• **Recorded information**

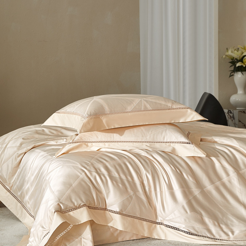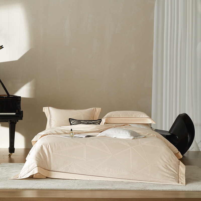 (总)嘉恋 2023新款100支全棉绣边四件套送礼盒包装-黄金几何,赤霞橘,香槟金
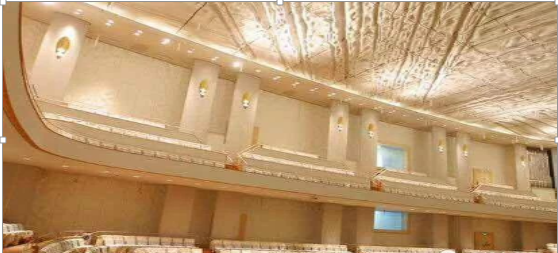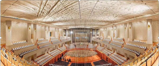音樂廳的天花板形狀不規則的白色浮雕像一片起伏的沙丘。天花板上看似凌亂的溝槽實際上經過了特別的聲學設計,使聲音能夠被擴散反射,更加均勻、柔和。精美的天花板其實是特制的聲擴散裝飾板。天花板使用纖維石膏成型板制成,材質厚重,能夠有效地防止低頻吸收,增強廳內的低頻混響時間,使低音效果(如管風琴、大管、大提琴等)更加具有震撼力和感染力。為達到聲效的完美,在頂棚的下面還懸掛了一面龜背形狀的集中式反聲板,俗稱“龜背反聲板”,它的作用是將聲音向四面八方散射。
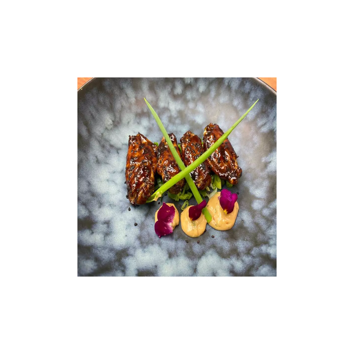 1- Sazonar las alas con el ajo granulado, sal, pimienta y aceite de sésamo.
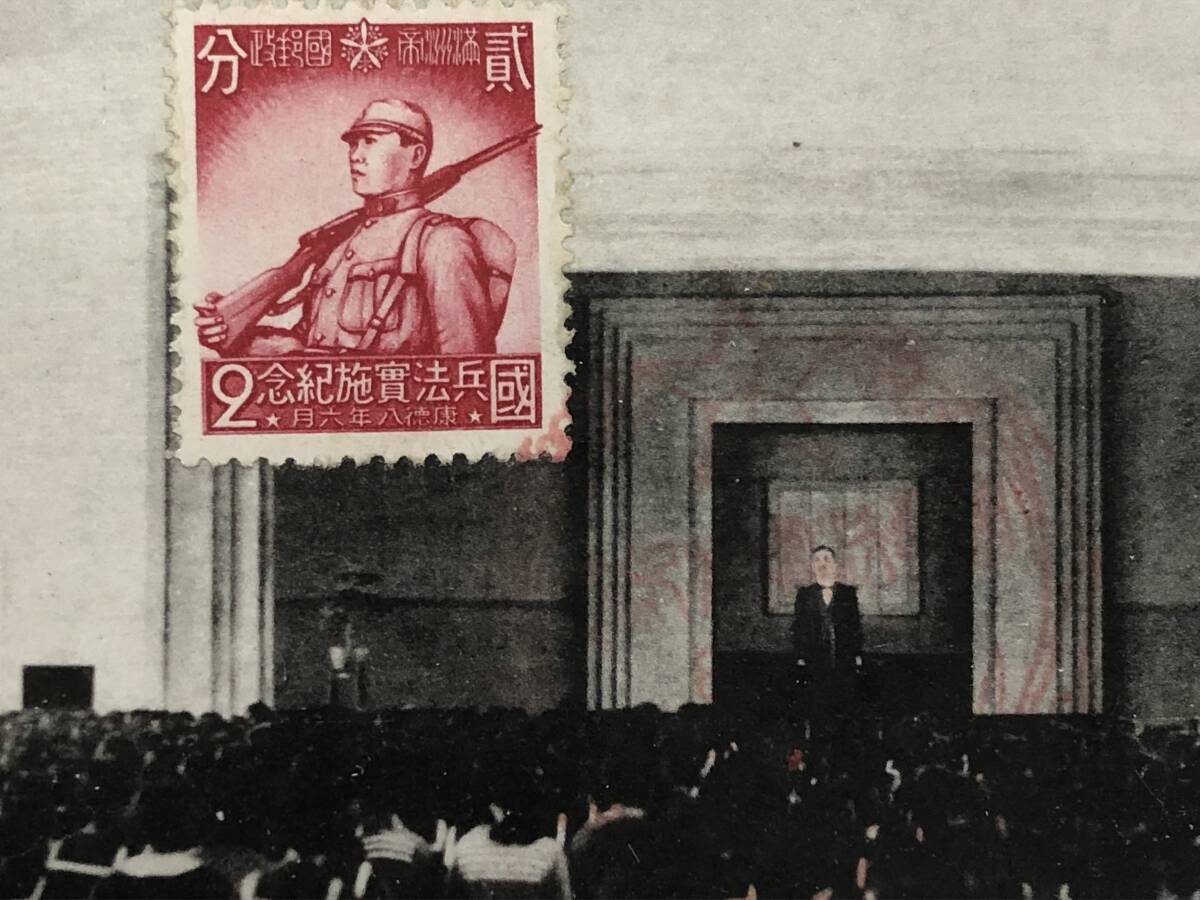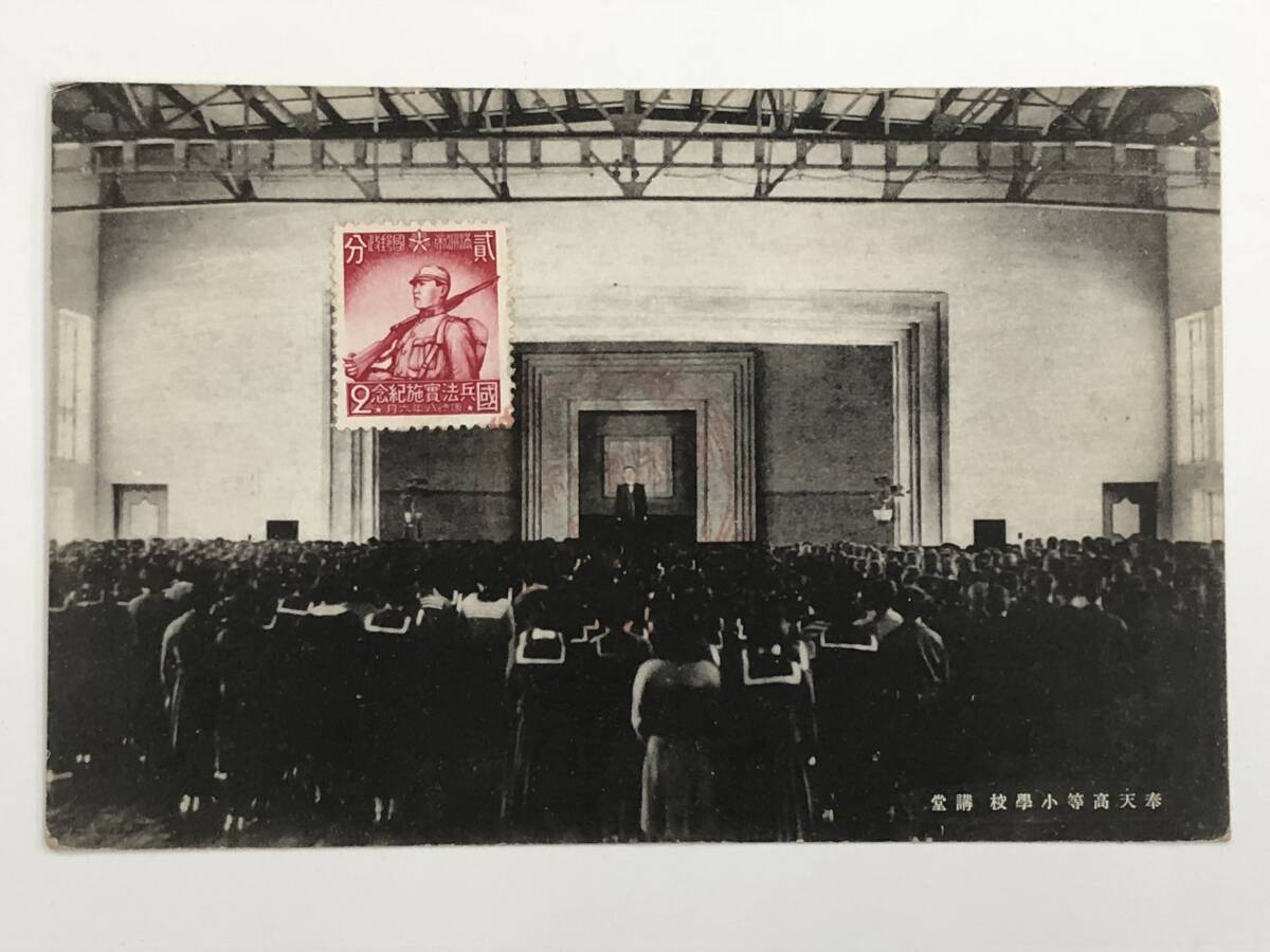 | 古絵葉書『奉天高等小学校講堂』満洲帝国・国兵法実施紀念2分切手貼付/スタンプ押印/満洲/レトロ | ||

• **Instructions to follow**
A word-for-word copy of all the data is required, minus the pictures.

• **Expected output**
 (总)嘉恋 2023新款100支全棉绣边四件套送礼盒包装-黄金几何,赤霞橘,香槟金
音樂廳的天花板形狀不規則的白色浮雕像一片起伏的沙丘。天花板上看似凌亂的溝槽實際上經過了特別的聲學設計,使聲音能夠被擴散反射,更加均勻、柔和。精美的天花板其實是特制的聲擴散裝飾板。天花板使用纖維石膏成型板制成,材質厚重,能夠有效地防止低頻吸收,增強廳內的低頻混響時間,使低音效果(如管風琴、大管、大提琴等)更加具有震撼力和感染力。為達到聲效的完美,在頂棚的下面還懸掛了一面龜背形狀的集中式反聲板,俗稱“龜背反聲板”,它的作用是將聲音向四面八方散射。
 1- Sazonar las alas con el ajo granulado, sal, pimienta y aceite de sésamo.
 | 古絵葉書『奉天高等小学校講堂』満洲帝国・国兵法実施紀念2分切手貼付/スタンプ押印/満洲/レトロ | ||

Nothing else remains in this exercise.